Рейнис не ответил. Он поднялся, глянул на небо. По нему ползли хмурые тучи, наплывал на землю беспросветный мрак — вот-вот проглотит их костерец.

И утро выдалось пасмурное. Когда Юстина проснулась, на станции уже звенели голоса, стучали молотки.

На лесоскладе ухали бревна, ревел грузовик, вступив в единоборство с раскисшей дорогой, кто-то что-то кричал, но слов не разобрать: уносил ветер. Так, наверное, тут начиналось утро — осенью, зимой и летом… Ежедневно одно и то же… В получку люди с благоговением пересчитывают заскорузлыми пальцами каждый засаленный рубль, протянутый кассиром, и вступают в перебранку из-за каждого пятака, — попробуй недодай! И так всю жизнь… Она провела здесь один день, в этой богом забытой стороне, но и этого довольно. Какое мерзкое болото, какие жалкие, наскоро сколоченные лачуги, громко именуемые электростанцией и деревообрабатывающим цехом. И больше ничего: дюжина-другая рабочих, болото, лес, железнодорожная ветка… Как вчера она могла не заметить этого, будто смотрела чужими глазами…

Юстине было скучно, она не знала, чем занять себя, на склад не смела показаться. Там сейчас, конечно, потешаются над барышней, так ловко одураченной. И на электростанцию идти не хотелось — только мешать. На мгновение она представила, что будет здесь всю жизнь, всегда, и сразу почувствовала мучительную тоску по Риге, институту, товарищам, лекциям Что бы с ней стало? Страшно подумать. Ей тут не заработать даже на черный хлеб, ведь она ничего не умела, самого простого, чем занимался тот гнусный старик, не говоря уж о других. Она ходила бы рваная, грязная, немытая и вечно бы считала копейки… Нет, подобная жизнь не для нее. Читать о ней, восхищаться ею — это дело другое, но… Может, эти люди и заслужили того, чтобы их прославили. Но самой так жить? Ни за что. Она не героиня, нет. Ну и ладно… Что бы там ни говорили про ее родителей, как бы криво люди ни смотрели на отца, все же он создал ей условия для другой жизни, и спасибо ему. Сколько раз она мысленно корила, осуждала отца, сколько раз ей хотелось уйти из дома, но если хорошенько подумать, сравнить…

Юстина вздрогнула: на электростанции затарахтел мотор. Из круглой жестяной трубы повалил черный, вонючий дым, и ей пришлось встать с наветренной стороны. Между тем мотор заработал мерно и уверенно, словно настроился на длительный бег. Дым постепенно рассеялся, а над дверью станции, на соседних столбах вспыхнули лампочки, хотя был еще день.
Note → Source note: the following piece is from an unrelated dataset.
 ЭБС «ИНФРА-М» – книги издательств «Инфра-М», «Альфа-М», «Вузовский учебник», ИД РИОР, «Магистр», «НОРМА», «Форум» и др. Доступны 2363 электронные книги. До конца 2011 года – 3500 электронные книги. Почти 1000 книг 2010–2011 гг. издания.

Каспар, Рейнис и тот местный механик вышли во двор. Они вытирали руки о ветошь, что-то деловито обсуждали. Потом Рейнис исчез, а Каспар стал укладывать в машину инструмент. Вскоре Рейнис вернулся. Он тащил ось вагонетки с парой колес.

— Подойдет? — осведомился он.

— Конечно, — отозвался парень. — Пускай поднимает на здоровье.
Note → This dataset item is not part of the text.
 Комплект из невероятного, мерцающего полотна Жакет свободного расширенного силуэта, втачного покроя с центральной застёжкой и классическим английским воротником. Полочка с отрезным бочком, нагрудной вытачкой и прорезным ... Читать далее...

И ось уложили в машину. Стали прощаться. Парень долго тряс руки механикам. Юстине руки он не подал.

— Боюсь запачкать. До свидания. — И рассмеялся.
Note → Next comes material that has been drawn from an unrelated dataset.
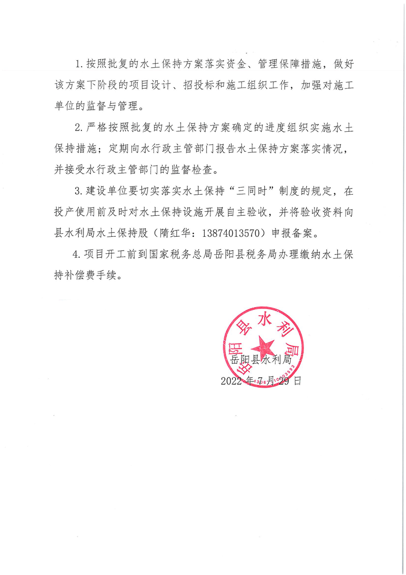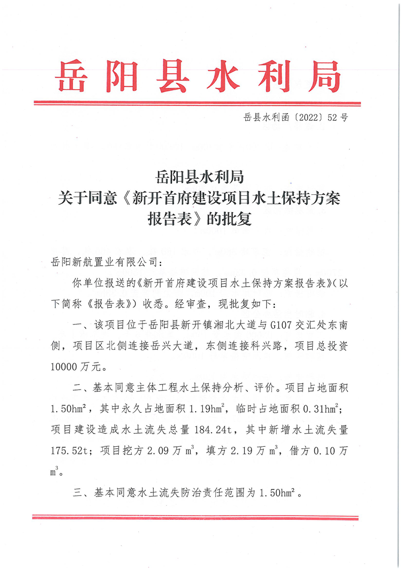 嶽陽縣水利局關於同意《新開首府建設項目水土保持方案報告表》的批複

Юстина сразу догадалась, почему он смеется, но промолчала. «Встретить бы тебя в Риге, в институтском коридоре, — подумала она, — тогда бы посмеялась я. Или вообще не обратила бы внимания, прошла и даже не взглянула».

7

— Такой маленький лужок у дороги — да ты знаешь, сколько раз мимо ездил. Не сказать, чтоб много было сена, стожков пять или шесть, в общем, хороший воз наберется. Так вот, притормозил он там машину, уж не знаю зачем — то ли воды зачерпнуть, в радиатор долить, то ли что еще… Только тут, как на грех, новая учительница на велосипеде проезжала. Он, значит, шутки ради сначала и спроси ее, не нужно ли ей сено, дешево продаст. Учительница, конечно, рада-радешенька. Как не нужно! Ну, и тут же ударили по рукам. Заплатила ему деньги. Бернсон укатил. А учительница раздобыла лошадь, собралась вечером сено везти домой. Нагрузила воз, вдруг бегут колхозники: как смеешь колхозное добро разворовывать, не стыдно, а еще интеллигентный человек. И такой тут тарарам поднялся, упаси господи! Один орет, другой вопит. Откуда ни возьмись уполномоченный милиции. Разобрался и вместе с учительницей к Бернсону. Сразу смекнул, где искать виновного. А Бернсон пожимает плечами: «Милая дамочка, я вас в первый раз вижу. Натворили дел, но при чем тут я? Знать не знаю никакого сена — не покупал, не продавал. А будете и дальше приставать, я на вас в суд подам за клевету». Ну что с ним поделаешь? Так ни с чем и уехали. Он им даже кукиш на прощанье показал. А как же — свидетелей нет. Никто ничего не видел.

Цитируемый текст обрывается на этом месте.